#### BRIEF
Print exactly the lines below between the line holding "Detached villa with" and the line holding "Assemblage Material no.", inclusive, and nothing more.

#### SUPPLIED INFORMATION
------

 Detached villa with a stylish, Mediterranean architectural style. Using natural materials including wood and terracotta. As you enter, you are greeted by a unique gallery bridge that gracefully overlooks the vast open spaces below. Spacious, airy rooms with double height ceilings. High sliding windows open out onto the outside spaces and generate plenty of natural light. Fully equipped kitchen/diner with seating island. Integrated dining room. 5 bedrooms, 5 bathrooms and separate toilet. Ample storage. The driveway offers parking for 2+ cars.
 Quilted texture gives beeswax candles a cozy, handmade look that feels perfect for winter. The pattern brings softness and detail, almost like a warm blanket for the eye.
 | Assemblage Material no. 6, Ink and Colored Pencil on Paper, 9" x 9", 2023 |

------

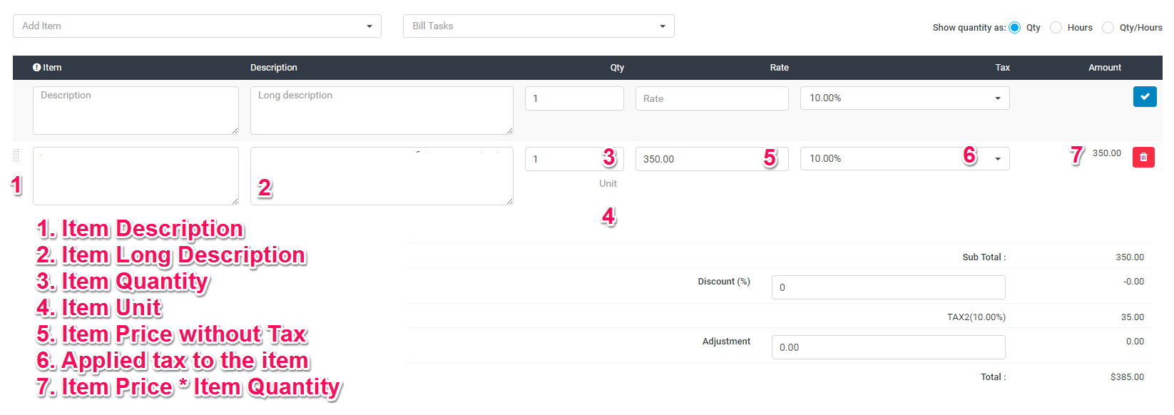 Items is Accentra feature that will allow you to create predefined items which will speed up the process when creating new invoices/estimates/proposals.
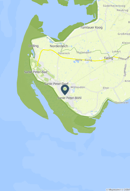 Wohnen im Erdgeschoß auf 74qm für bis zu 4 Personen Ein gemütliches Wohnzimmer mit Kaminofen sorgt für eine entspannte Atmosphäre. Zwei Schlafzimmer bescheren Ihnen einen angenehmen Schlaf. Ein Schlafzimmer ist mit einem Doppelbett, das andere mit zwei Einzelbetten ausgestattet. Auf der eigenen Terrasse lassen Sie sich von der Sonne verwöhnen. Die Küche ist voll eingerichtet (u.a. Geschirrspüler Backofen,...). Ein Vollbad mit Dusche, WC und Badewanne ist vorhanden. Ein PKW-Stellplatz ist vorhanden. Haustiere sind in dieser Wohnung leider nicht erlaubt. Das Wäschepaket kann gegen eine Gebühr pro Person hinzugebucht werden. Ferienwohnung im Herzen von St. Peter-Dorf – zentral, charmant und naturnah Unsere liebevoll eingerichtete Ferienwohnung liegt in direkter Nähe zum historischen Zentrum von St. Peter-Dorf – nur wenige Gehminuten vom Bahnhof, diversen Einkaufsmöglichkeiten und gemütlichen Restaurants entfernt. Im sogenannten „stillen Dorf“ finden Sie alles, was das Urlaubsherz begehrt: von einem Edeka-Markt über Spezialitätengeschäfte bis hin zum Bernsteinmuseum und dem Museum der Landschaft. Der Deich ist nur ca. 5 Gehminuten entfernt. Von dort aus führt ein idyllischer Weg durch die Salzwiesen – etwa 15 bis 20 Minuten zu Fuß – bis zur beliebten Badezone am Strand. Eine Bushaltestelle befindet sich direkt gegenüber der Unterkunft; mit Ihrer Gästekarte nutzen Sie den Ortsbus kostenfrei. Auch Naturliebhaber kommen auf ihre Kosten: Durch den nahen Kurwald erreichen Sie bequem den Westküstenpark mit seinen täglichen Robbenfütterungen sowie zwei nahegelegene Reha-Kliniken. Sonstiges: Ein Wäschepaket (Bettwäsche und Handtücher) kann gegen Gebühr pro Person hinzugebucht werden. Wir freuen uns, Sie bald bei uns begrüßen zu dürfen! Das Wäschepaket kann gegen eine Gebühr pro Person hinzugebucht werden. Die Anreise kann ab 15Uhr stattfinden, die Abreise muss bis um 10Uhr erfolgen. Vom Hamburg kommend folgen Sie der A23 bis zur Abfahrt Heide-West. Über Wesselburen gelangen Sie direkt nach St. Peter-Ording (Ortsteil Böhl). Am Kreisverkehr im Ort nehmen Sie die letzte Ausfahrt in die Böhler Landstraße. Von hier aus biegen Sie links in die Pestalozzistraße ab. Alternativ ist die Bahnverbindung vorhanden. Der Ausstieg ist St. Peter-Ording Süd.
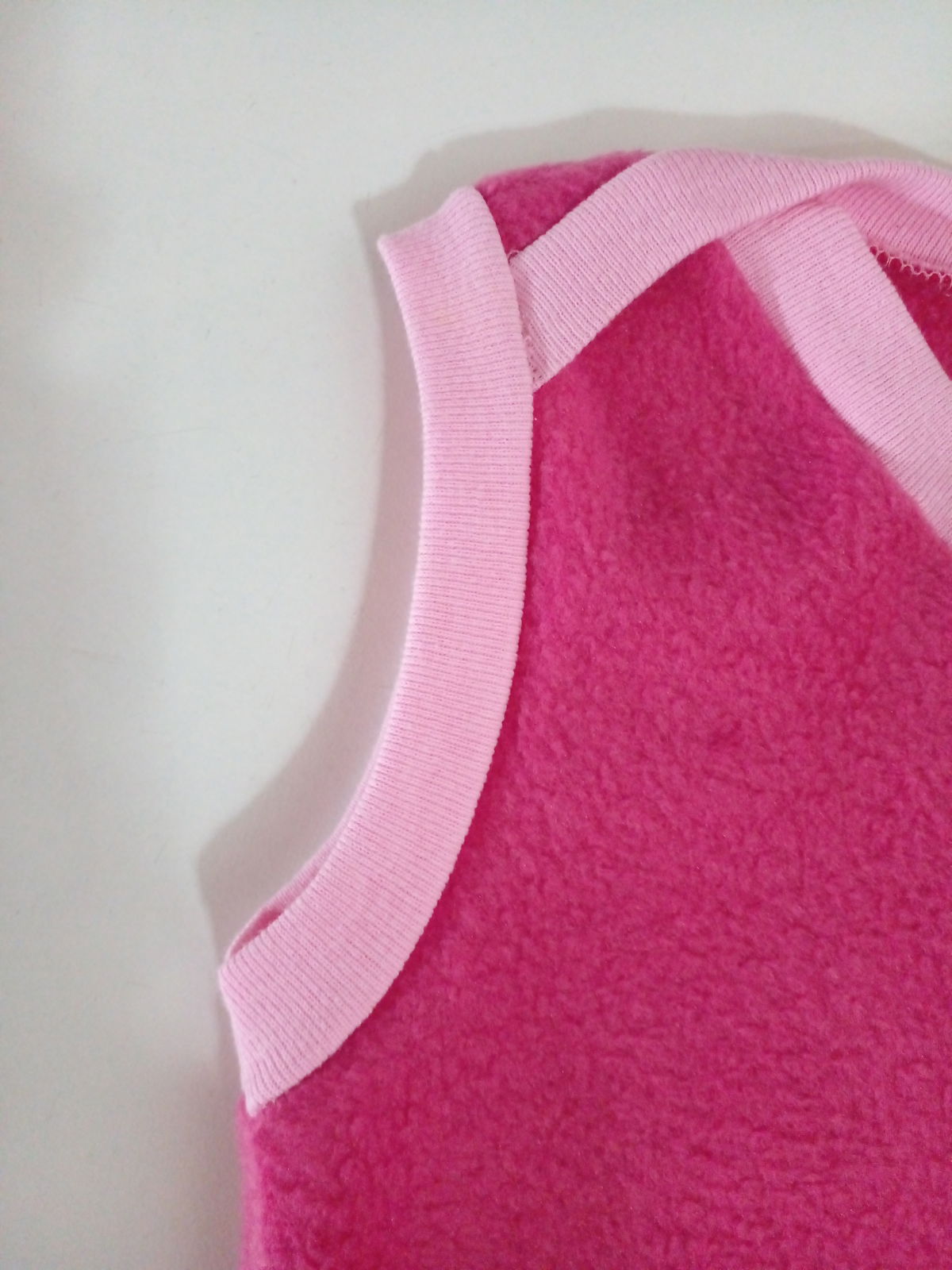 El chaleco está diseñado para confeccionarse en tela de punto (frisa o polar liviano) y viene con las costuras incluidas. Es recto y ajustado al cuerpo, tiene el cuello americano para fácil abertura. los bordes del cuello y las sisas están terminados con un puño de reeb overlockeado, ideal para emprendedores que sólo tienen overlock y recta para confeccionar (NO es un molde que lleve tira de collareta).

------

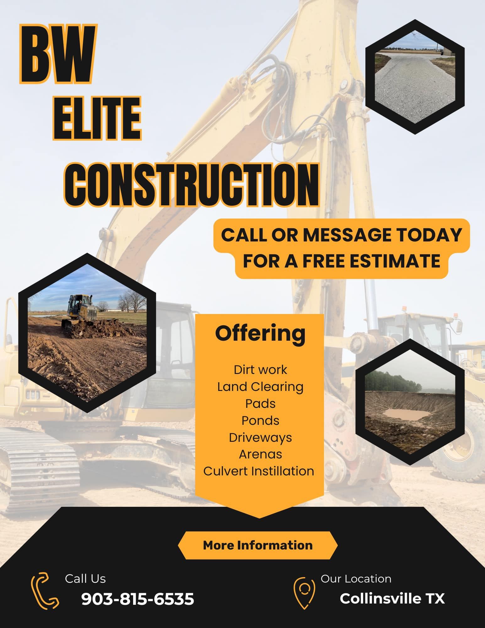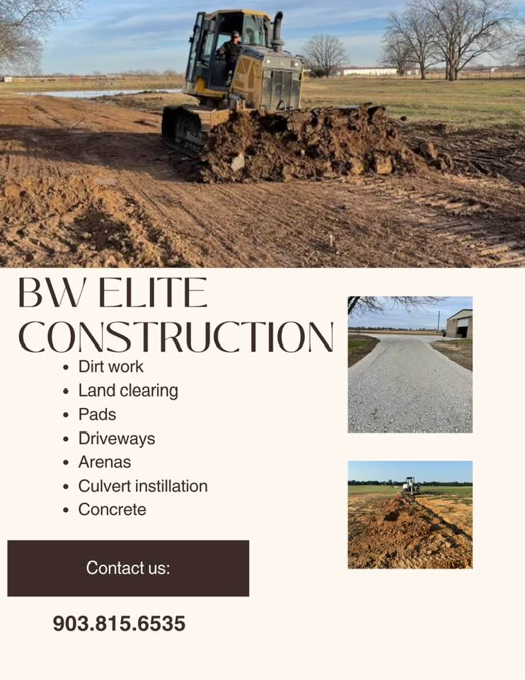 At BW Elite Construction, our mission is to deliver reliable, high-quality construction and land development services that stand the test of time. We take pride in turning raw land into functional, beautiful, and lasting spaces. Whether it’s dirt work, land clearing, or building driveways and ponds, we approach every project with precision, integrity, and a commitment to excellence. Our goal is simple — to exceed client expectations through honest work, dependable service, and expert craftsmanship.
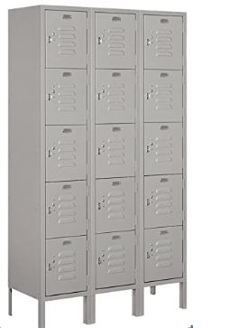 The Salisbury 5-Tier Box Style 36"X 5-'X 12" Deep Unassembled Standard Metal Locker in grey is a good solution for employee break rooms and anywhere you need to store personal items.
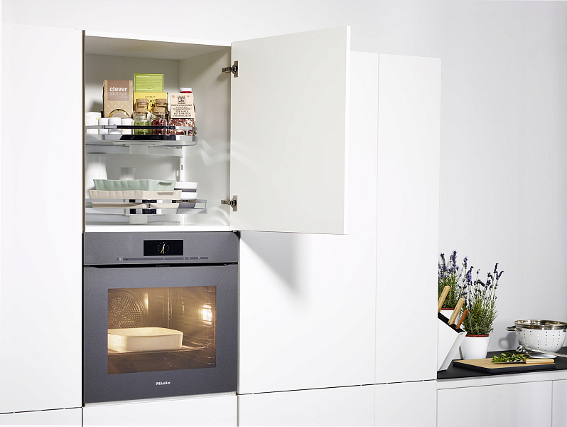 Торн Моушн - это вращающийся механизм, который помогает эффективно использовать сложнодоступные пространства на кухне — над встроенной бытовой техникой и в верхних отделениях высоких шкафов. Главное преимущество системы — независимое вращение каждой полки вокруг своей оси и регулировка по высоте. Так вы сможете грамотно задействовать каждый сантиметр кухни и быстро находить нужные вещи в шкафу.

------

#### RESULT
 Detached villa with a stylish, Mediterranean architectural style. Using natural materials including wood and terracotta. As you enter, you are greeted by a unique gallery bridge that gracefully overlooks the vast open spaces below. Spacious, airy rooms with double height ceilings. High sliding windows open out onto the outside spaces and generate plenty of natural light. Fully equipped kitchen/diner with seating island. Integrated dining room. 5 bedrooms, 5 bathrooms and separate toilet. Ample storage. The driveway offers parking for 2+ cars.
 Quilted texture gives beeswax candles a cozy, handmade look that feels perfect for winter. The pattern brings softness and detail, almost like a warm blanket for the eye.
 | Assemblage Material no. 6, Ink and Colored Pencil on Paper, 9" x 9", 2023 |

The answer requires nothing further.